Pasemos a otro tema

Tatiana Acevedo Guerrero
18 de febrero de 2018 - 02:00 a. m.

Colombia tiene la segunda población más grande de afrodescendientes en América Latina, después de Brasil. Pese a que el Caribe colombiano fue el principal puerto y centro de comercio de africanos esclavizados en América del Sur, la mayoría fue enviada a trabajar en las minas de oro situadas en el Pacífico. Tras la abolición de la esclavitud, los afrocolombianos siguieron siendo objeto de múltiples discriminaciones. Profesores como Nancy Appelbaum y Peter Wade han explicado cómo durante los siglos XIX y XX gobiernos, políticas y discursos mapearon una jerarquía racial en las diferentes regiones del país. De esta forma, se desarrolló un discurso racial que asoció algunas regiones “blancas” con el progreso y otras, calificadas como “negras” o “indígenas”, con desorden y peligro.

Cabe recordar que las referencias raciales a las que el color de piel alude no son características objetivas de las personas, sino un producto de trayectorias de exclusión particulares. Así, ser afrodescendiente tiene diferentes significados según el contexto geográfico e histórico. Colombia alberga múltiples formas de ser afrocolombiano, negro, raizal o palenquero. Estas han sido producidas por historias específicas y relaciones de poder en las regiones y departamentos. En general, sin embargo, los afrodescendientes han estado marginados en términos de inversión en infraestructura, desarrollo socioeconómico y poder político.

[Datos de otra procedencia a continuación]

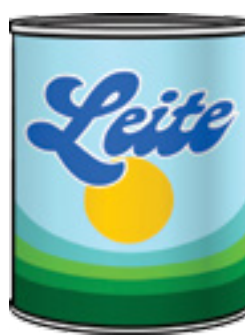
Figura 4 Leite em pó

O leite e seus derivados devem fazer parte da alimentação de crianças e adultos de todas as idades. São ricos em proteínas de alto valor biológico que beneficiam o crescimento e o desenvolvimento das crianças e dos adolescentes e que garantem um aporte proteico aos adultos. Devido à sua composição nutricional equilibrada e sua riqueza em cálcio, são indispensáveis em uma alimentação saudável. Para as crianças, os produtos lácteos ajudam no correto crescimento dos ossos e dos dentes e permitem a construção de reservas necessárias para o futuro. Durante a adolescência, o organismo precisa de mais cálcio para a maturação e o desenvolvimento da massa óssea. Uma ingestão insuficiente de cálcio nessa fase pode trazer problemas ósseos no futuro. Também é extremamente importante na idade adulta para prevenir e atrasar a perda de massa óssea, responsável pelo aparecimento da osteoporose e fraturas.
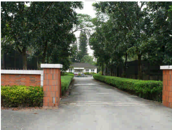
相 10 原專賣局屏東支局煙草耕作指導所(長興)
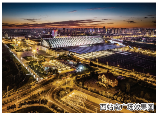
西西南广场效果图
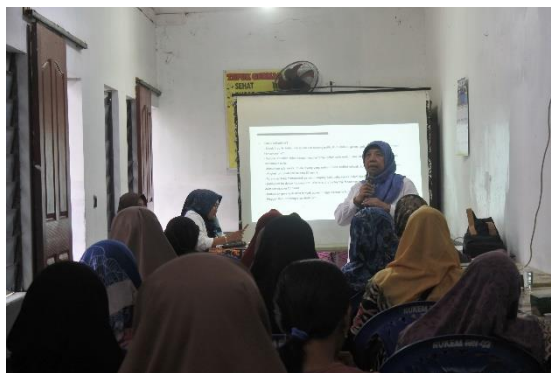
Gambar 1. Pemaparan Materi

Materi edukasi bahan halal yang disampaikan oleh tim PRPH USM berisi tentang implementasi dari materi yang disampaikan sebelumnya khususnya tentang produk halal yang dimulai dari bahan halal, fasilitas, personel dan proses yang bebas dari haram sehingga akan menghasilkan produk yang halal. Pada materi tersebut yaitu tentang pembuatan nugget bandeng. Para peserta mendengarkan pemaparan materi dengan seksama serta aktif dalam sesi tanya jawab.
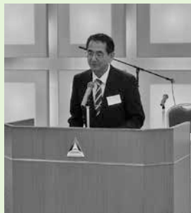
久保村学校長あいさつ
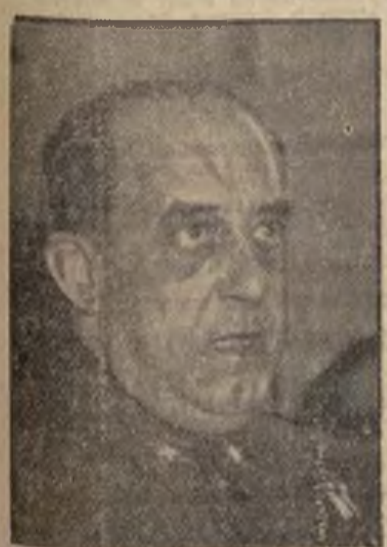
EL GENERAL POZAS

MADRID, 22.—El jefe de las operaciones del Centro, general Pozas, en una entrevista concedida a un periodista, ha hecho interesantes manifestaciones. Interrogado sobre la situación actual de nuestros combates, contestó:
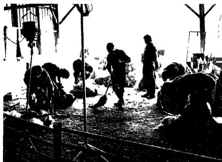
Stage ITOVIC Formation de Tondeurs

Avec une telle structure de stages de diverses sortes, la qualité de la tonte en France ne peut que progresser et la vitesse d'exécution (notre point faible) s'améliorer de façon sensible, ce qui d'abord augmentera le revenu des tondeurs et permettra ensuite aux meilleurs d'entre eux de se mesurer à chances égales avec les cracks des pays gros producteurs de laine.

La resistencia política negra en Colombia ha sido fuerte desde los 70, cuando grupos universitarios urbanos se inspiraron en el Movimiento por los Derechos Civiles de Estados Unidos. La situación cambió hacia los 90, con la movilización de las comunidades rurales de la costa del Pacífico. Trabajando con el apoyo de la Iglesia y de sectores de la academia, comunidades rurales de la costa del Pacífico establecieron alianzas temporales con grupos indígenas y negociaron derechos colectivos, movilizándose en torno a una identidad étnica. Poco después, y en un momento de reconocimiento latinoamericano del multiculturalismo, la Ley 70 les otorgó títulos de propiedad colectivos. Estas poblaciones fueron particularmente victimizadas durante la contrarreforma paramilitar y son estas las que han tratado de sobreponerse al desplazamiento de sus tierras ancestrales.

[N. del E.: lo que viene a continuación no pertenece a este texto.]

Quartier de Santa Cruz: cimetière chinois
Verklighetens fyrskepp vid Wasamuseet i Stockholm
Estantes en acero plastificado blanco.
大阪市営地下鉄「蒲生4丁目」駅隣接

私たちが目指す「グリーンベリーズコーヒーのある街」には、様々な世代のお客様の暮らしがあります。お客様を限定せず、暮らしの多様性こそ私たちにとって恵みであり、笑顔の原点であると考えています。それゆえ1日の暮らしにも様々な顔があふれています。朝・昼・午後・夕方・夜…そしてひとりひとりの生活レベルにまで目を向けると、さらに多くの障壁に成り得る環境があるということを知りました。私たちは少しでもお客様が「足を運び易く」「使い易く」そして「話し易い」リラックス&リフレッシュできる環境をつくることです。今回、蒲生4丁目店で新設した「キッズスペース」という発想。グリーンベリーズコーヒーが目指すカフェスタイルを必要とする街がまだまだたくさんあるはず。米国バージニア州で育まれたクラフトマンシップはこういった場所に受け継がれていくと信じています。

Afrodescendientes asentados en departamentos del Caribe han seguido diferentes caminos. Muchos viven en ciudades y la “afrocolombianidad” no es algo con lo que necesariamente se identifican. Algunas organizaciones han señalado que en el censo de 2005 poblaciones urbanas decidieron no elegir esta categoría debido, entre otras cosas, al estigma asociado. En ciudades como Cali, Barranquilla o Medellín características raciales y de clase se superponen, se confunden y se mezclan: las relaciones cotidianas entre lo “negro” y lo “blanco” pueden observarse, por ejemplo, en las rutinas de empleadas domésticas afrodescendientes trabajando para familias blancas.

Hoy las condiciones socioeconómicas de los afrocolombianos en costas, veredas y ciudades ponen de relieve desigualdades desmedidas. Los datos del último censo mostraron que la esperanza de vida para los hombres afrocolombianos es inferior al promedio nacional, la mortalidad infantil para las niñas afrocolombianas es más alta que el promedio nacional y el desempleo es más alto para los afrocolombianos. No obstante, no se pronuncia en la campaña presidencial ni una palabra sobre políticas encaminadas a la reparación de esta situación. Entretanto, el jueves en Medellín la concejal Daniela Maturana denunció que en esta ciudad “el 9,6 % de los niños afrodescendientes menores de 12 años están desescolarizados”. Esta semana la comunidad de Guapi rechazó el asesinato de dos de sus líderes sociales, que se suman al listado de medio centenar de líderes asesinados en el último año en el Pacífico.